### Information supplied
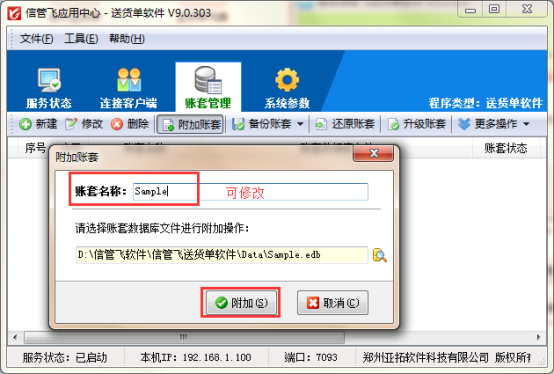 信管飛送貨單軟件、信管飛倉庫管理軟件、信管飛RMS軟件等軟件數據都是保存在賬套中,有時可能會遇到登錄時提示賬套列表不存在且在應用中心程序的賬套管理中沒有賬套信息的情況。這時我們可以通過附加賬套的方式把賬套文件進行附加進來。 以信管飛送貨單軟件為例。示范下如何附加賬套?打開紅色的應用中心程序,選擇賬套管
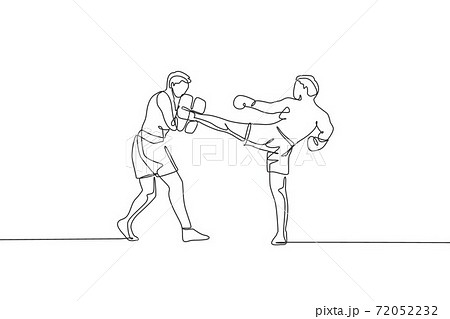 Single continuous line drawing of young sportive man kickboxer exercise with personal trainer in sport hall. Fight competition kickboxing sport concept. Trendy one line draw design vector illustration
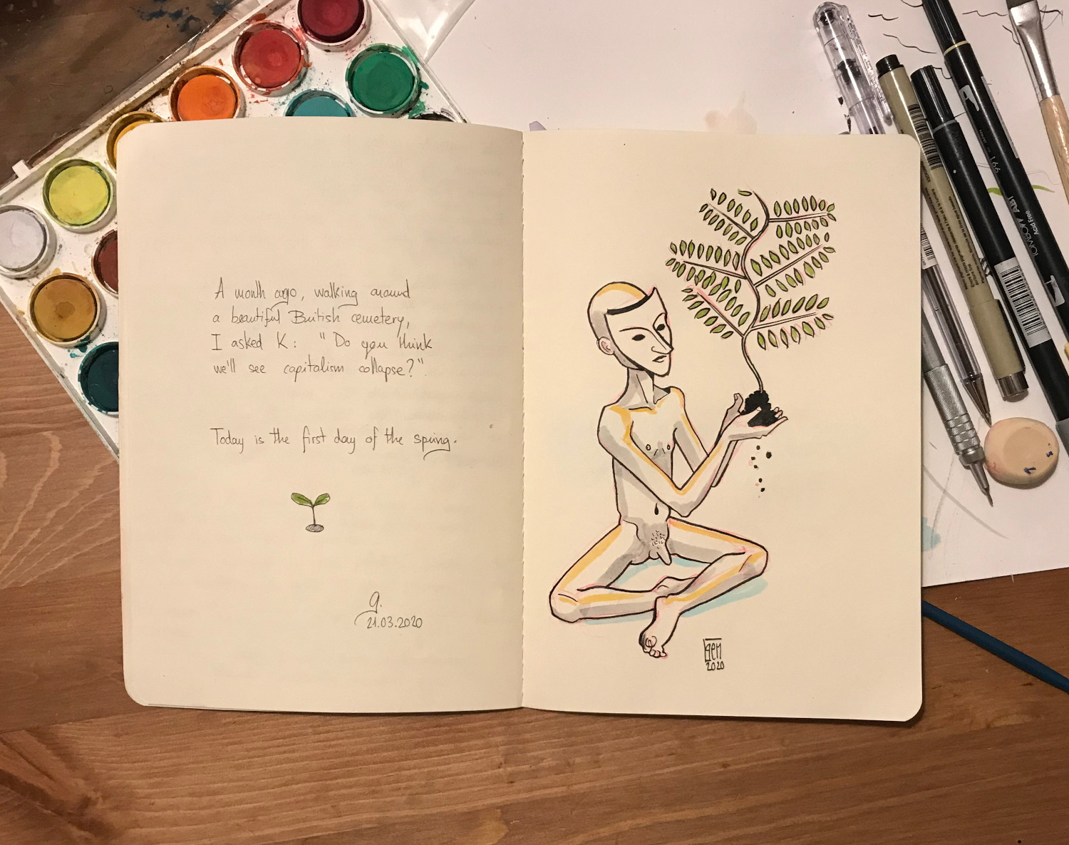 Descubro, de repente, un nuevo sentido de comunidad, y me pregunto de qué nos podría servir cuando todo esto se pase. Mi imaginación es salvaje y ahora, entre cuatro paredes, rebota y se magnifca, vibra, viaja, crea. Aprovecha una crisis desalmada para encontrar espacios de crecimiento. Aprovecha las cenizas, los huesos, la materia en descomposición de una sociedad avocada la sufrimiento para construir otra que se ama y se cuida.

### Task
Pictures are to be left out; repeat all the remaining data exactly.

### Response
 信管飛送貨單軟件、信管飛倉庫管理軟件、信管飛RMS軟件等軟件數據都是保存在賬套中,有時可能會遇到登錄時提示賬套列表不存在且在應用中心程序的賬套管理中沒有賬套信息的情況。這時我們可以通過附加賬套的方式把賬套文件進行附加進來。 以信管飛送貨單軟件為例。示范下如何附加賬套?打開紅色的應用中心程序,選擇賬套管
 Single continuous line drawing of young sportive man kickboxer exercise with personal trainer in sport hall. Fight competition kickboxing sport concept. Trendy one line draw design vector illustration
 Descubro, de repente, un nuevo sentido de comunidad, y me pregunto de qué nos podría servir cuando todo esto se pase. Mi imaginación es salvaje y ahora, entre cuatro paredes, rebota y se magnifca, vibra, viaja, crea. Aprovecha una crisis desalmada para encontrar espacios de crecimiento. Aprovecha las cenizas, los huesos, la materia en descomposición de una sociedad avocada la sufrimiento para construir otra que se ama y se cuida.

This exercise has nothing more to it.